The Circuit: Working Hard
LEADING AUTHORITIES' ROUNDUP OF THOUGHT LEADERSHIP, TRENDS, AND PERSONALITIES ON THE SPEAKING CIRCUIT
This week, with the federal government finally back to work, it’s been an “all-hands-on-deck” mentality around the DC metro area. But after Super Bowl weekend, I expect all the regular office antics to be back in full force on Monday. So today, I’m sharing a few meatier anecdotes from the worlds of politics, cyber, corporate culture, and interpersonal communication that you can use to get some conversations back on track early next week. Enjoy your weekend!
WHEN YOUR BFF GETS A NEW JOB
Congratulations to renowned political analyst Charlie Cook, who was named this week as co-author of the 2020 Almanac of American Politics! Of the publication, Cook said, “As a senior in high school I bought the first edition of the Almanac in 1972, as soon as it came out, and it has been my bible ever since.” He went on to call it the “go-to-place for an serious student of American politics.” Among the political insights and data it publishes, the 2020 Almanac plans to include voter registration data, redistricting maps, and complete profiles of the 50 governors and 535 Members of Congress.
WHEN YOUR COLLEAGUE ROLLS HER EYES
Is it true that 93% of all communication is non-verbal? Body language expert Mark Bowden answers this once and for all, and breaks down the difference between the emotional message and the informational message that you send to people through your words and your body language. He even puts percentage points on body language, words, and tone of voice. Find out how much your non-verbal communication really matters now.

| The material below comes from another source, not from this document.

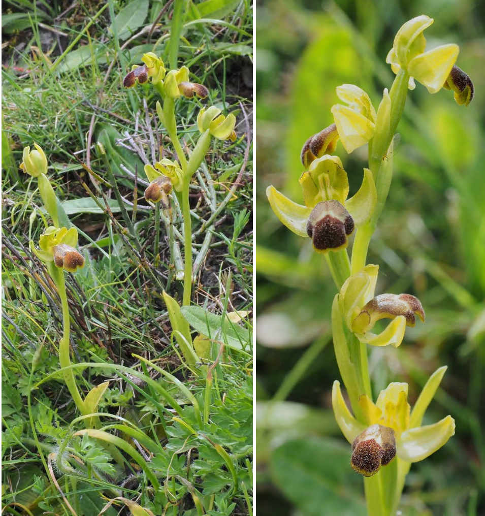
Ophrys fusca subsp. leucadica „pallidula”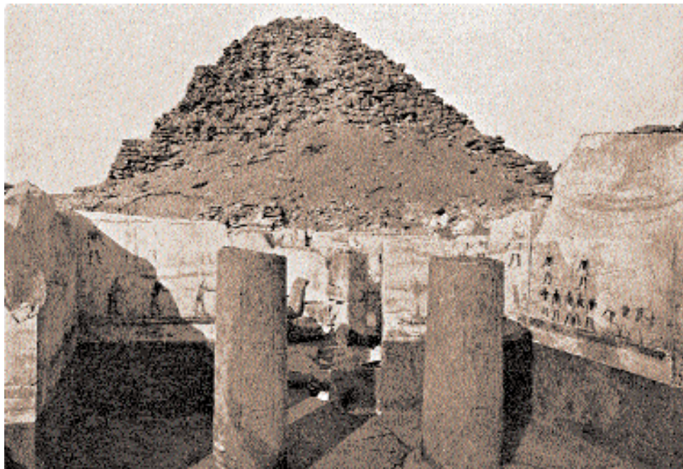
Абу Сир. Святилище припирамидного комплекса царя Сахура. XXV в. до н.э.

Однако немцы потеряли концессию на раскопки, которая перешла к англичанам. С 1924 по 1928 г. Борхардту остаётся вести небольшие исследования и раскопки в целях консервации находок. Ещё через год, в возрасте 65 лет археолог уходит с поста директора Института. Что было причиной такого решения, нам, к сожалению, неизвестно. В 1929 г. Институт был переименован и превратился в отделение Германского

WHEN YOU GET PULLED OVER FOR SPEEDING
Rule followers, huh? In an interview with every employer’s favorite job site, Glassdoor, cultural psychologist Michele Gelfand discusses the role cultures play in our personal lives, our corporate lives, and in society at large. She encourages job seekers and employers alike to consider the type of culture that works best for them (“tight” or “loose”) and seek out appropriate matches. She describes the positives and negatives of loose and tight cultures too—for example, loose cultures are more exploratory and open to taking risks, whereas tight cultures are more careful, efficient, and confident.